The most recent version contained multiple measures to enhance transparency and safety. For instance, it compels the Financial Crimes Enforcement Network (FinCEN) to guide how banks can work with cannabis firms. It also requires the Government Accountability Office (GAO) to investigate the efficacy of these efforts.

Enacting the SAFE Banking Act would be a crucial advancement for the cannabis sector. Moreover, it would decrease the hazards associated with cash transactions and raise transparency. Regardless, it is uncertain if the legislation has a genuine chance of becoming law.

Marijuana and Cannabidiol Research Expansion Act

The Marijuana and Cannabidiol Research Expansion Act would increase the accessibility of marijuana for scientific analysis. Current federal laws make it challenging for researchers to acquire marijuana. But this legislation seeks to simplify the process, improve the supply chain, and remove bureaucratic barriers.
This act marks very important marijuana laws and legislation from 2022.

In the event of approval, the Drug Enforcement Administration (DEA) would issue licenses. Additionally, the legislation recommends that the National Institutes of Health (NIH) conduct more in-depth research. Specifically, their efforts would focus on vulnerable populations such as pregnant women and teenagers.

The Marijuana and Cannabidiol Research Expansion Act would enable scientists to conduct more comprehensive studies. Additionally, the increased research into the long-term health consequences could inform better public policy decisions.

California Marijuana Laws

California has been a leader in marijuana-related issues for decades. Although still, it’s not all simply legal smoking pot in California. In 2022, Governor Newsom signed several laws that continued this trend of progressive policies. A few of California’s most important marijuana laws and legislation from 2022 are in the sections below.

AB 2595

Governor Newsom signed this bill that equates parental cannabis use to alcohol consumption. Accordingly, it prohibits child welfare agencies from denying custody based on its legal use.

The bill also directs child welfare agencies to prioritize a child’s safety. Using marijuana responsibly should not factor into assessments of whether a child should go to foster care. The law guarantees that parental marijuana use does not become a reason for state intervention. There must be conclusive evidence of harm to the child.

SB 1326

SB 1326 allows cannabis businesses to create out-of-state contractual agreements. Therefore, it permits cannabis companies in California to engage in interstate commerce. They can cultivate, manufacture, distribute, and market cannabis products as long as it is legal in both states.

AB 1706

AB 1706 increases opportunities for those with cannabis convictions to work in the legal cannabis industry. It establishes a program to help eligible individuals clear their names and remove barriers to employment.

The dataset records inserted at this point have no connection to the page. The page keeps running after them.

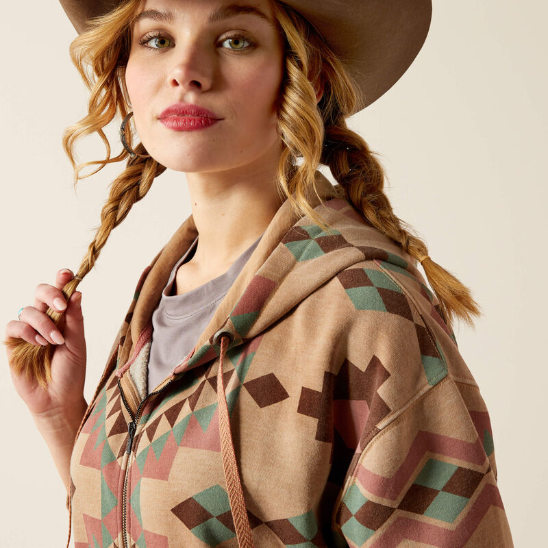 Sunset hues and a gorgeous Southwestern print are the centerpiece of this soft hoodie. The slightly cropped length adds a chic finish to any outfit, from your favorite leggings to your go-to denim and boots.
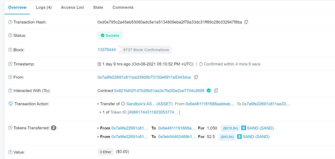 2021 年 6 月 9 日,Boson 宣布以约 704000 美元的市价在 Decentraland 中的维加斯城区购买虚拟地产,并计划建立一个虚拟购物中心。2021 年 7 月,The Sandbox 上面积逾 530 万平方(24*24)的虚拟土地被以近 88 万美元的价格拍下。
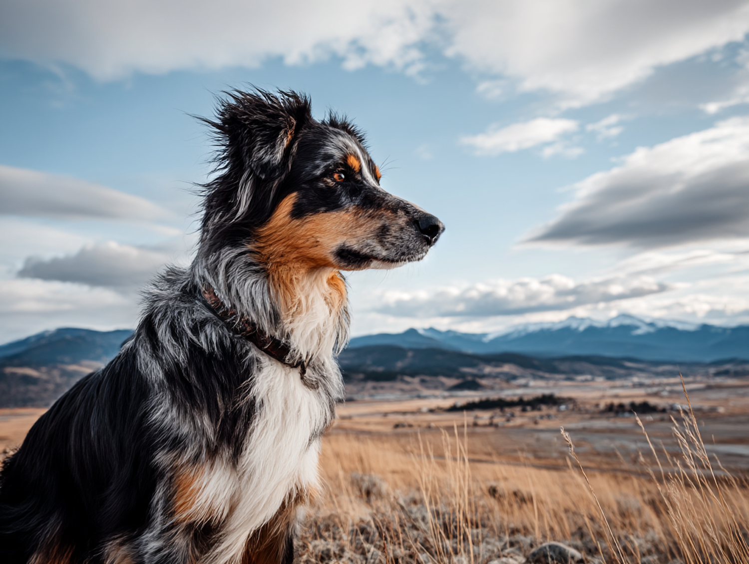 Majestic Australian Shepherd in a golden field with mountains in the background, showcasing its thick, multicolored coat and alert gaze.

The bill also mandates the Bureau of Cannabis Control to promote participation by developing mentorship programs. It is significant because it addresses the racial disparities in the criminal justice system. Moreover, it aims to expand opportunities for those affected by the War on Drugs.

AB 2188

AB 2188 prohibits employers from discriminating against a person based on their use of cannabis outside of work. Organizations cannot rely on marijuana for hiring, termination, or other employment-related decisions.

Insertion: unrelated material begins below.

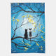 Two cats sitting on a branch watching the full moon with a blue sky filled with stars. The branches of the trees surrounding them with small yellow flowers. Black tuxedo cat and a bi-colour white and grey spotted cat. Original Modern Whimsical Acrylic Painting by Donna Leger. All Rights Reserved. ©irony designs

There are exemptions for some industries, including those in building and construction trades. Additionally, it does not apply to applicants for positions or benefits that require a federal background check.

Biden Administration Pardons

The White House issued this groundbreaking proclamation on October 6, 2022. It pardons individuals convicted of federal offenses related to possessing marijuana. Specifically, it covers convictions for having up to one ounce.

Its purpose is to address systemic racial inequality and bias in the criminal justice system. The proclamation acknowledges that the War on Drugs resulted in a disproportionate incarceration of people of color. The pardon aims to foster justice and fairness in the legal system by offering relief to those affected.

Ask a Lawyer More Questions About Marijuana Laws

After reading this guide, you can see how consequential 2022 was for marijuana laws. Even the efforts above that failed will become subject to debate again. Furthermore, the current landscape still has sticky disparities between state and federal regulations.

If you need legal help with a cannabis-related issue, we have a network of local attorneys that can help. Request a consultation through our website or call (866) 345-6784 to schedule a consultation today.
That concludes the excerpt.